The situation with AMD is different. It’s not attempting to unseat Nvidia. In order to prevent Nvidia from having monopolistic pricing power, the vendor hyperscalers stay in the mix and strive to be the essential backup option. Although it’s a more modest goal, it’s more achievable. Up to 6 gigawatts of GPU capacity from AMD are guaranteed by the OpenAI supply agreement, which was signed late last year, by 2030. Oracle has promised to supply 50,000 MI450 chips. These are not awards for consolation. They signify a significant change in the willingness of cloud providers to diversify their supply chains. Additionally, AMD’s business is already more varied, including gaming chips, embedded processors, FPGAs from the Xilinx acquisition, and CPUs for Intel-dominated markets. Nvidia fluctuates in relation to AI infrastructure. If one wager fails, AMD has more options.
This becomes philosophically intriguing in the valuation discussion. Nvidia’s market capitalization is close to $4.9 trillion, and its forward P/E ratio is close to 36. AMD has a $454 billion market capitalization and trades at about 33 forward. Nvidia appears to be the cheaper growth story on paper, with lower P/E, better margins, and faster revenue growth. However, there is a well-known market law that states that it is more difficult to double when you are larger. When Nvidia doubles, its market capitalization increases by an additional $4.9 trillion. When AMD doubles, $454 billion is added. At that scale, the math is just different, as one Reddit investor stated last month.

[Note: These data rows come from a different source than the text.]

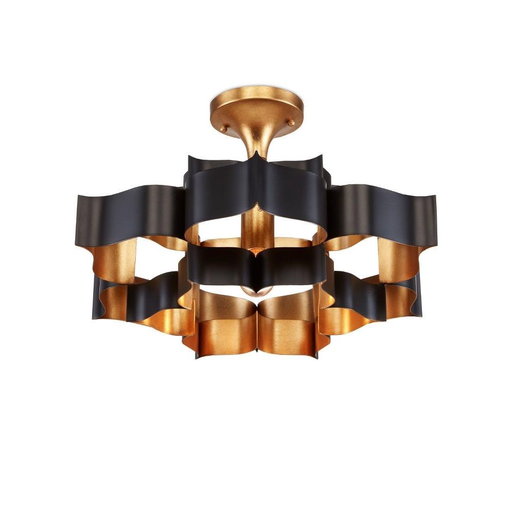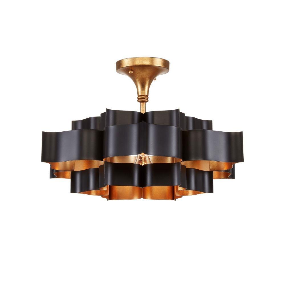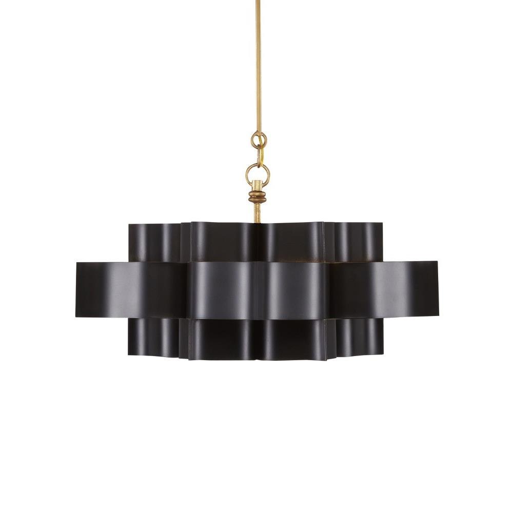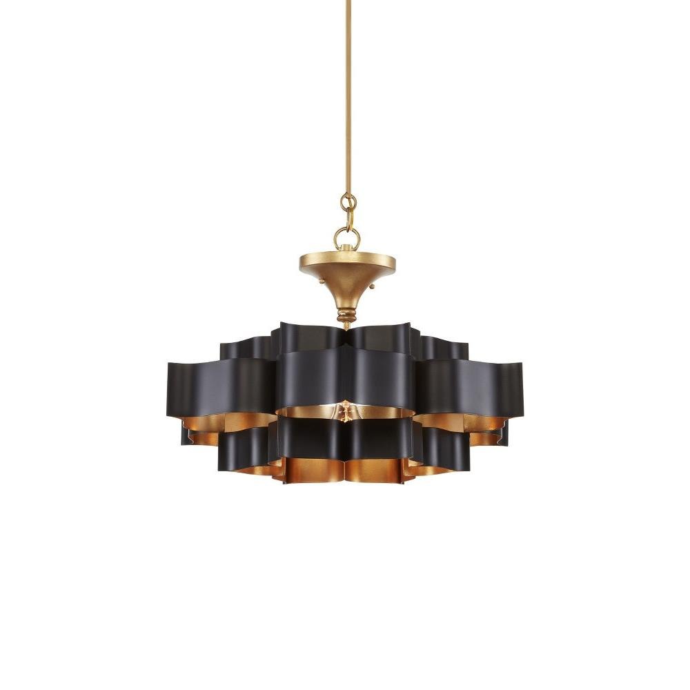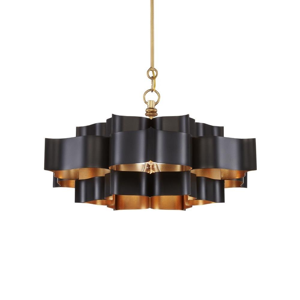 The Grand Lotus Black Small Chandelier receives its good looks from a combination of stunning workmanship and a mix of satin black and contemporary gold leaf finishes. The black chandelier is skillfully fashioned from wrought iron. We also offer several Grand Lotus styles in a number of sizes and finishes.
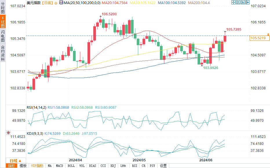 美元指数盘中报105.5545,涨幅0.31%。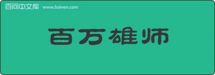 1、成语百万雄师来自宋·张载《庆州大顺城记》:“百万雄师,莫可以前。” 2、钟山风雨起苍茫,百万雄师过大江。见毛泽东《七律·人民解放军占领南京》。 3、欧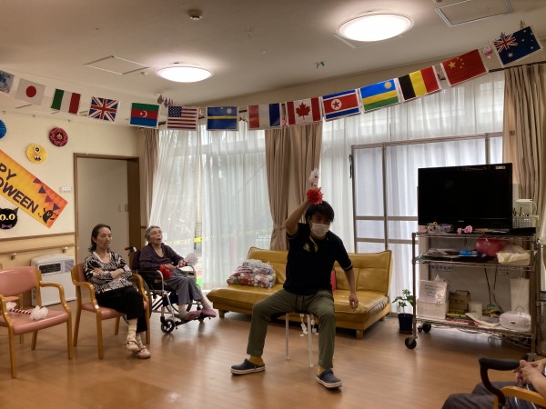 入居者様も応援グッズで応援!!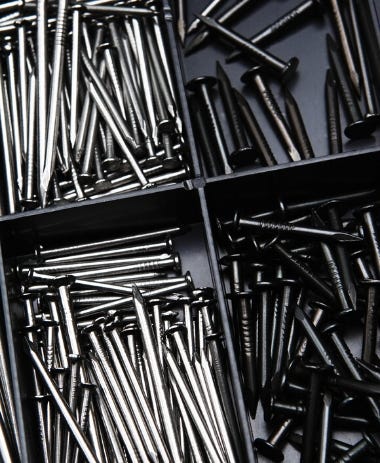 Nails come in a variety of sizes and types, from small, barrel headed finishing nails to common nails and spiral nails designed to grip wood fibers (the latter being harder to remove than the rest). Sizes are gauged by the length of their shaft and diameter of their head. A good rule of thumb if one is determined to use nails is to only use stainless steel, as it will resist rust the longest and hence give you a deck with greater longevity. Nails are cheap, easy to use, and will absolutely get the job done.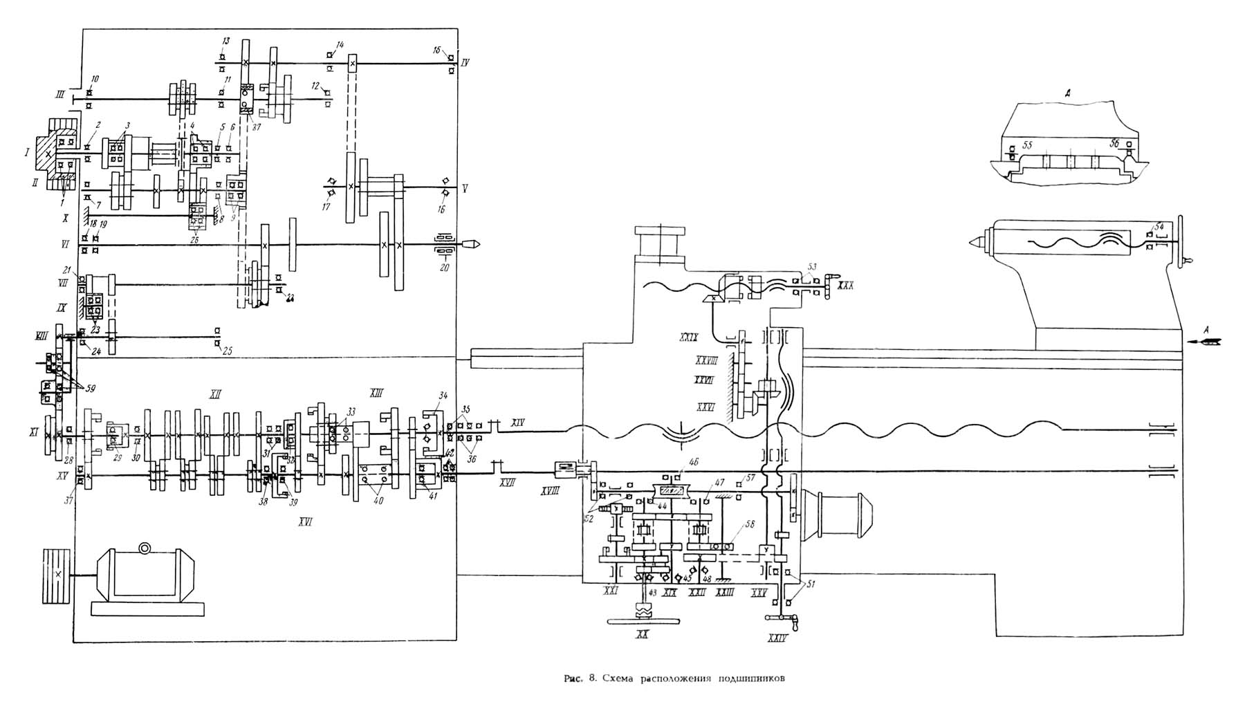Схема розположення підшибників токарного верстата моделі 163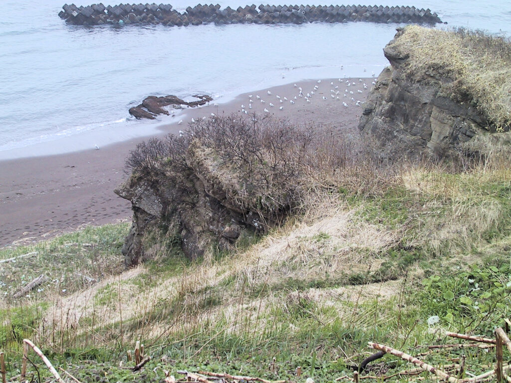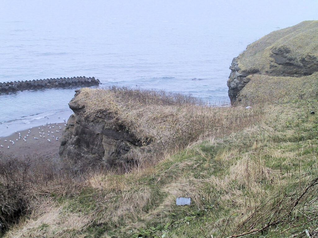 桂恋方形チャシは海に突き出た台地上に幅4m、深さ1.5mのコの字状の壕をめぐらしたのが特色とされていますが、それらしいところを見つけたものの、壕は確認できませんでした。(1999/7/29)

Speaking with fund managers in London and New York, it seems that the honest response for the majority of portfolios is that this isn’t an option. This is a question of allocation. The main holding is Nvidia, which is the safer of the two, the dominant leader, and the compounder. The torque is AMD, which is smaller, more erratic, and has more asymmetric upside if the MI450 series succeeds and margins rise to the management’s target gross margin of 55–58%. As this develops, it’s difficult to avoid the conclusion that the investors who do the best over the next three years will be the ones who did not attempt to choose between Lisa Su and Jensen Huang. Both will belong to them. When the hardware is no longer the only factor that matters, they will simply own them in varying amounts based on how strongly they believe the software moat will endure.